More than 100 of these cards are in "Deleted Entities 1925-1996," the centerpiece of "Silent Key," Bernard's poignant exhibit at the Boston Center for the Arts' Mills Gallery. Laid out chronologically and geographically, all the cards come from regions in which the system of government has changed. The Soviet Union, Czechoslovakia, and colonized regions in Asia and Africa are represented here.
Bernard has arrayed the cards in a grid, leaving blanks to signify places Adams didn't reach in a given period of time. The result reads rhythmically, visually capturing ham radio's Morse code stutter.
The pictures, symbols, alphabets, and old typescripts tell their own stories. A card from the Soviet Union in 1964 shows Sputnik emblazoned with the Soviet hammer and sickle, hovering over an image of the moon taken by the Soviet interplanetary station in 1959. A 1948 card from Angola (Portuguese West Africa) depicts a white man in a pith helmet pointing a rifle at a leaping tiger. These pictures were often the attempts of individual operators to artfully represent their countries, but through the lens of time they conjure bluster and stereotypes.
"Silent key" is the term used when an operator stops transmitting.

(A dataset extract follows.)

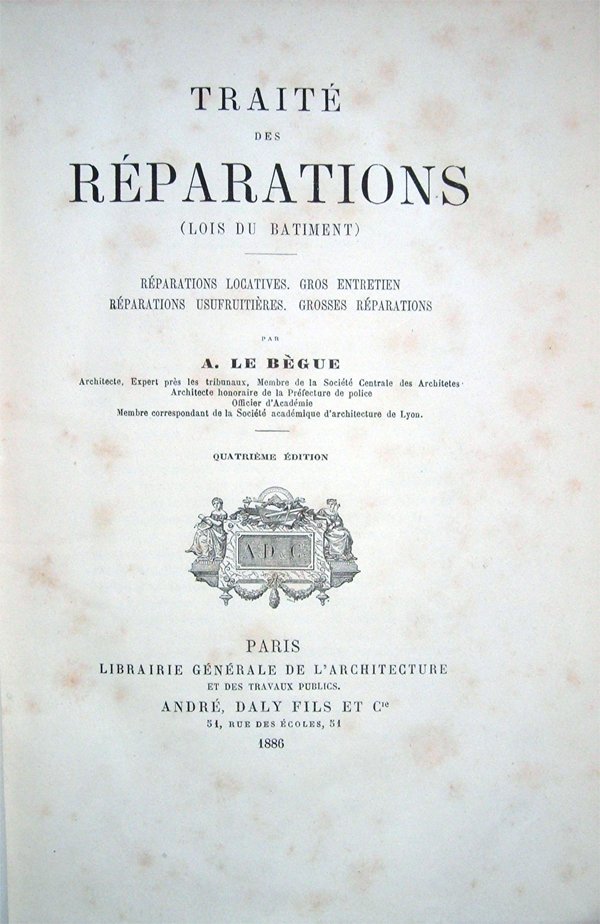 Due opere in un volume in-8°, pp. (2), 189, (3); 19, (3), legatura coeva in mezza tela rossa con titoli e fregio in oro al dorso. Leggere tracce d'umido alle prime pagine della prima opera. Leggere arrossature alle pagine della seconda opera, dovute al tipo di carta. Per il resto, buon esemplare. Table des matières: Traité des réparations (lois du batiment). Division de l'ouvrage. I. De l'entretien des édifices en général. Première partie. Réparations locatives. II. Réparations locatives, dites menu entretien. Gros entretien; III. Motifs pout lesquels le menu entretiena été mis à la charge des locataires; IV. Réparations locatives, avant la promulgation du Code civil; V. Idem; VI. Idem; VII. Idem; VIII. Idem; IX. Privilége du bailleur sur les meubles du preneur en faveur des réparations locatives. Explication du 3.e paragraphe de l'article 2102 du Code civil. Les matèriaux de démolition sout meubles; X. Si la chose louee est détruite pendant la derée du bail. Arrête de la Cour de cassation; XI. Réparations urgentes pendant la derée du bail; XII. Interdiction pour le bailler de faire des changements pendant la derée du bail; XIII. Délai accordé par l'usage pour déménager et faire les réparations locatives; XIV. Réparations locatives converties en indemnités. Utilité de convertir. Obligations en certains cas; XV. Lorsque le bail exige de la parte du preneur d'autres réparations que celles locatives. Bail à ferme; XVI. États de lieux: leur utilité. Deux sortes d'états de lieux; les frais qu'ils occasionnent; règles diverses; XVII. Lorsque le preneur cède son bail. Droit du propriétaire; entrente utile entre les deux locataires; XVIII. Réparations en cas d'incendie. Responsabilité du locataire; responsabilité du propriétaire. Arrête de la Cour de cassation; XIX. Compétence du juge de paix: limites de cette competence; XX. Explications par ordre alphabétique. Deuxième partie. Réparations usufruitières. XXI. Réparations usufruitières. Grosses réparations; XXII. Explication des articles 605 et 606 du Code civil; XXIII. Gros murs. Arrête de la Cour de cassation; XXIV. Voûtes; XXV. Rétablissement des poutres; XXVI. Couvertures entières; XXVII. Rétablissement des digues; XXVIII. Rétablissement des murs de soutènement; XXIX. Mars de clôture en entier. Questions.

For "Portraits," Bernard has blown up some of the grainy passport-style photos that grace a few of the cards and titled them with, among other things, the operator's name and the date he or she died. If the last is unknown, the title reads "Silent Key, Unknown." These put human faces on the communication. In one short, graceful video, Bernard shows us the bungalow at the street address of a New Zealand operator who communicated with Adams in 1934.
The overall effect - right up to a comical cache of erotic postcards Bernard found stashed among Adams's QSL cards - wonderfully evokes the community of individuals who kept in touch across social and political divides, through revolutions and upheavals throughout the 20th century. Interestingly, despite the ease with which the Internet connects people today, ham operators are still going strong.